In their assessments, few density advocates bother to consider whether most suburbanites would like to give up their leafy backyards for dense apartment blocks. Many urban boosters simply could not believe that, once given an urban option, anyone would choose to live in suburbia.
Jane Jacobs, for example, believed that “suburbs must be a difficult place to raise children.” Yet had Jacobs paid as much attention to suburbs as she did to her beloved Greenwich Village, she would have discovered that they possess their own considerable appeal, most particularly for people with children. “If suburban life is undesirable,” noted Gans in 1969, “the suburbanites themselves seem blissfully unaware of it.”
Ownership of a single-family home would become increasingly the province only of the highly affluent.Contrary to much of the current media hype, most Americans continue to prefer suburban living. Indeed for four decades, according to numerous surveys, the portion of the population that prefers to live in a big city has consistently been in the 10 to 20 percent range, while roughly 50 percent or more opt for suburbs or exurbs. The reasons? The simple desire for privacy, quiet, safety, good schools, and closer-knit communities. The single-family house, detested by many urbanists, also exercises a considerable pull. Surveys by the National Association of Realtors and the National Association of Home Builders find that some 83 percent of potential buyers prefer this kind of dwelling over a townhouse or apartment.

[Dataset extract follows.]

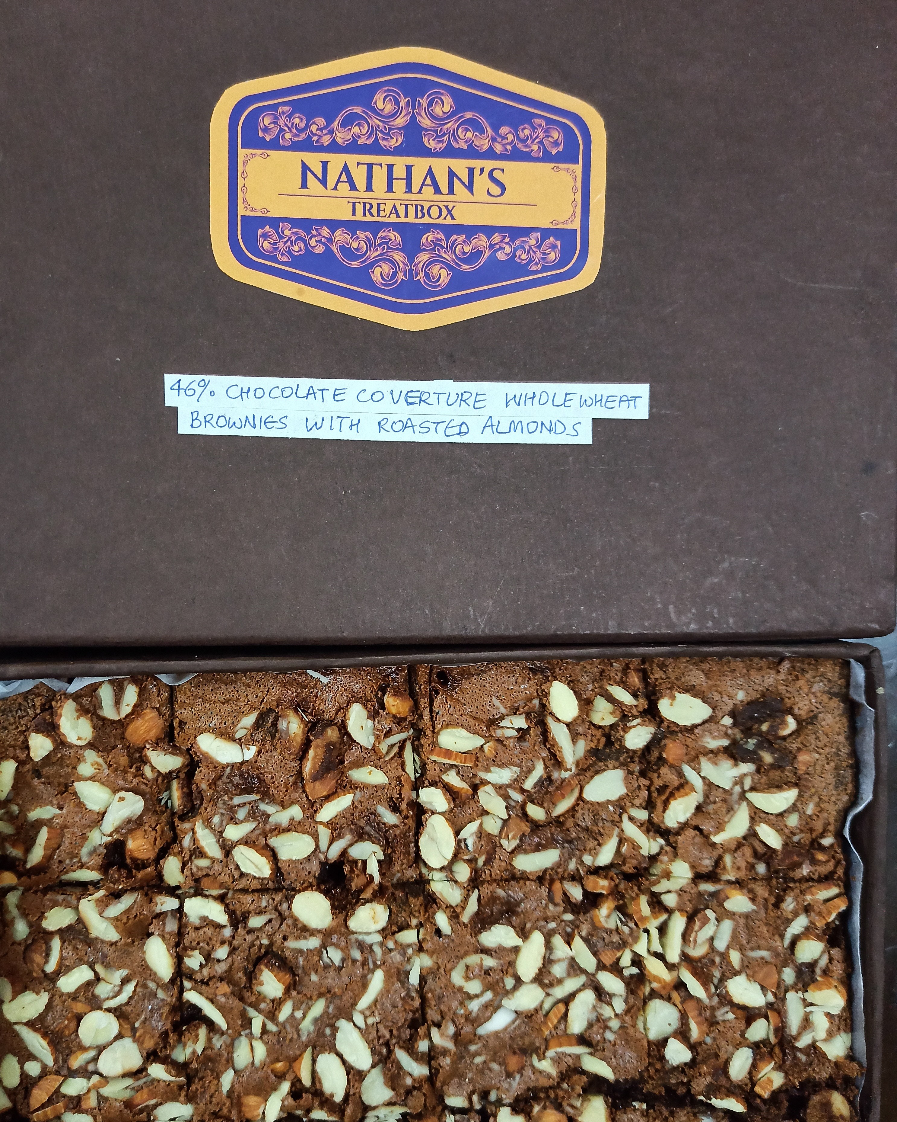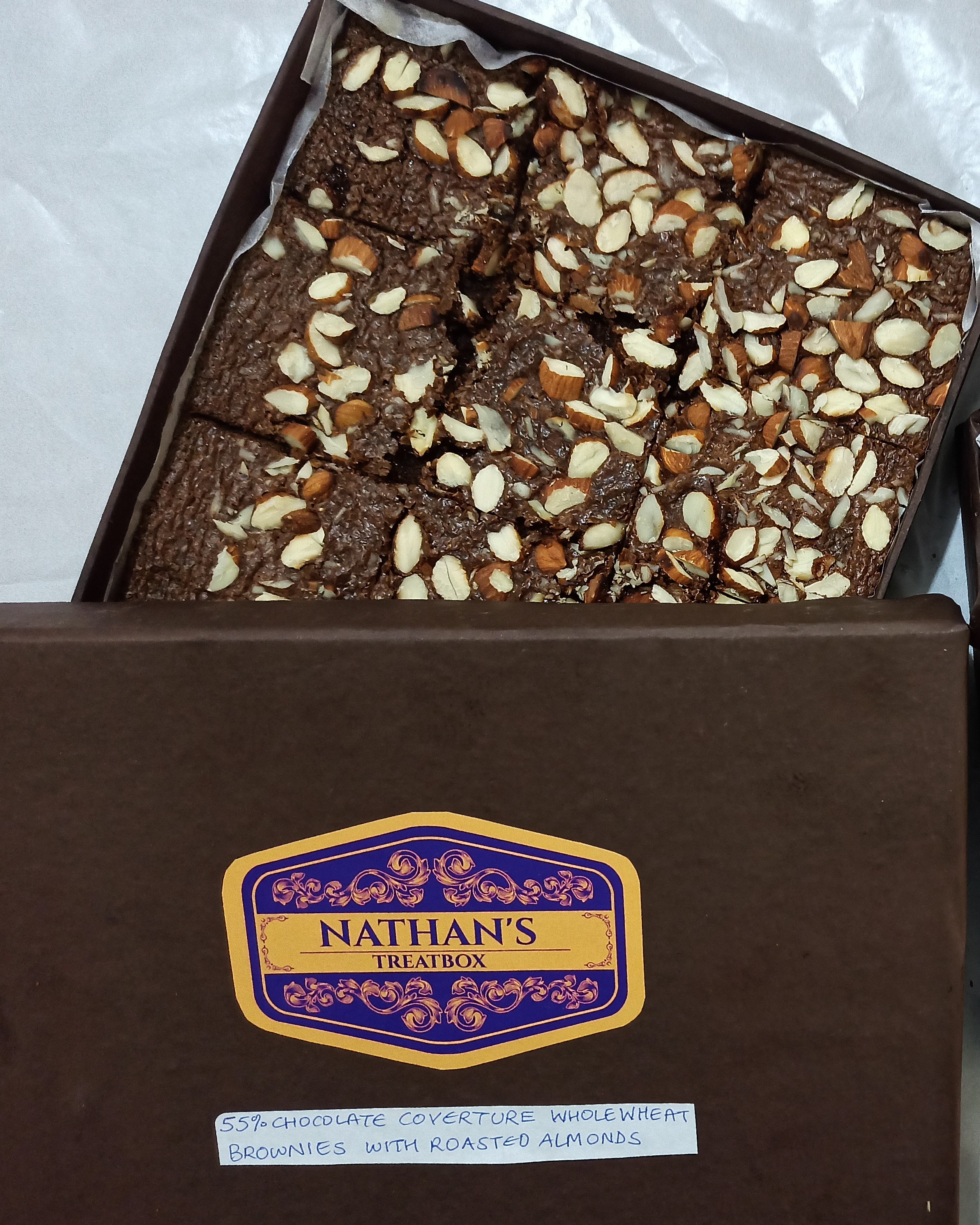 250 gms 55% chocolate coverture wholewheat brownies with roasted almonds. Contains EGGS

In other words, suburbs have expanded because people like them. A 2008 Pew study revealed that suburbanites displayed the highest degree of satisfaction with where they lived compared to those who lived in cities, small towns, and the countryside. This contradicts another of the great urban legends of the 20th century—espoused by urbanists, planning professors, and pundits and portrayed in Hollywood movies—that suburbanites are alienated, autonomous individuals, while city dwellers have a deep sense of belonging and connection to their neighborhoods.
Indeed on virtually every measurement—from jobs and environment to families—suburban residents express a stronger sense of identity and civic involvement with their communities than those living in cities. One recent University of California at Irvine study found that density does not, as is often assumed, increase social contact between neighbors or raise overall social involvement. For every 10 percent reduction in density, the chances of people talking to their neighbors increases by 10 percent, and their likelihood of belonging to a local club by 15 percent.
These preferences have helped make suburbanization the predominant trend in virtually every region of the country. Even in Portland, Oregon, a city renowned for its urban-oriented policy, barely 10 percent of all population growth this decade has occurred within the city limits, while more than 90 percent has taken place in the suburbs over the past decade. Ironically, one contributing factor has been the demands of urbanites themselves, who want to preserve historic structures and maintain relatively modest densities in their neighborhoods.